▸ **TASK INSTRUCTIONS**:
Every line from the one holding "A clockwork whale" through the one holding "美的空调柜机 酷省电 新一级能效" in the data below must be returned exactly, both ends included, with pictures left out and nothing else added.

▸ **SUPPLIED DATA**:
------------------------------
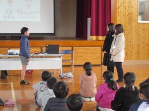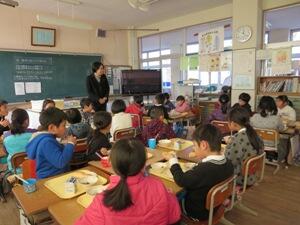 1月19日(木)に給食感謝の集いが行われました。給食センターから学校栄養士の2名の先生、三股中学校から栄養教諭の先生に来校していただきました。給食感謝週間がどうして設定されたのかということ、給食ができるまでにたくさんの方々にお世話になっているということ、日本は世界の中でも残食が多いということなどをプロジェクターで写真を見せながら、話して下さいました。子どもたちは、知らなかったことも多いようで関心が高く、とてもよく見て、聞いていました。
------------------------------
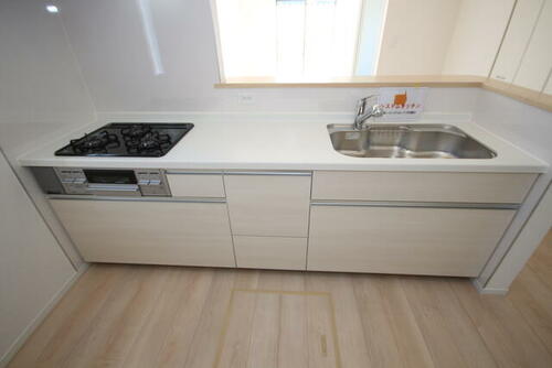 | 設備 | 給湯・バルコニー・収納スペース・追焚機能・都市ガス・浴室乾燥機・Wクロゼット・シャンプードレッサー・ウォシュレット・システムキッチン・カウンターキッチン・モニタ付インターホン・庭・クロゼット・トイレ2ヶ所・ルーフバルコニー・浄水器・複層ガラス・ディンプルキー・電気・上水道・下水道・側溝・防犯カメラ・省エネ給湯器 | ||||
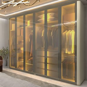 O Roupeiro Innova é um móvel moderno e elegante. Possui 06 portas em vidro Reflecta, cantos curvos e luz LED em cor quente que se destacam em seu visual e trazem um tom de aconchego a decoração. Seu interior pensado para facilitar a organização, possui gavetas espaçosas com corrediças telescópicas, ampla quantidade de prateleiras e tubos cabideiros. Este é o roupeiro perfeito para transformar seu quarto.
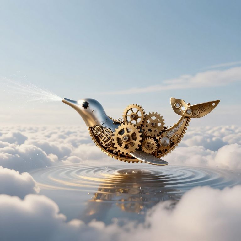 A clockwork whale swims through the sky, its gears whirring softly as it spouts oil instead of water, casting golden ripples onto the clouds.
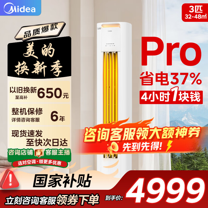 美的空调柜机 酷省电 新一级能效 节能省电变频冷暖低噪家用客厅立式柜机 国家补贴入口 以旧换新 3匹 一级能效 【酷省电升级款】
------------------------------
▸ **SOLUTION TO THIS EXERCISE**:
 A clockwork whale swims through the sky, its gears whirring softly as it spouts oil instead of water, casting golden ripples onto the clouds.
 美的空调柜机 酷省电 新一级能效 节能省电变频冷暖低噪家用客厅立式柜机 国家补贴入口 以旧换新 3匹 一级能效 【酷省电升级款】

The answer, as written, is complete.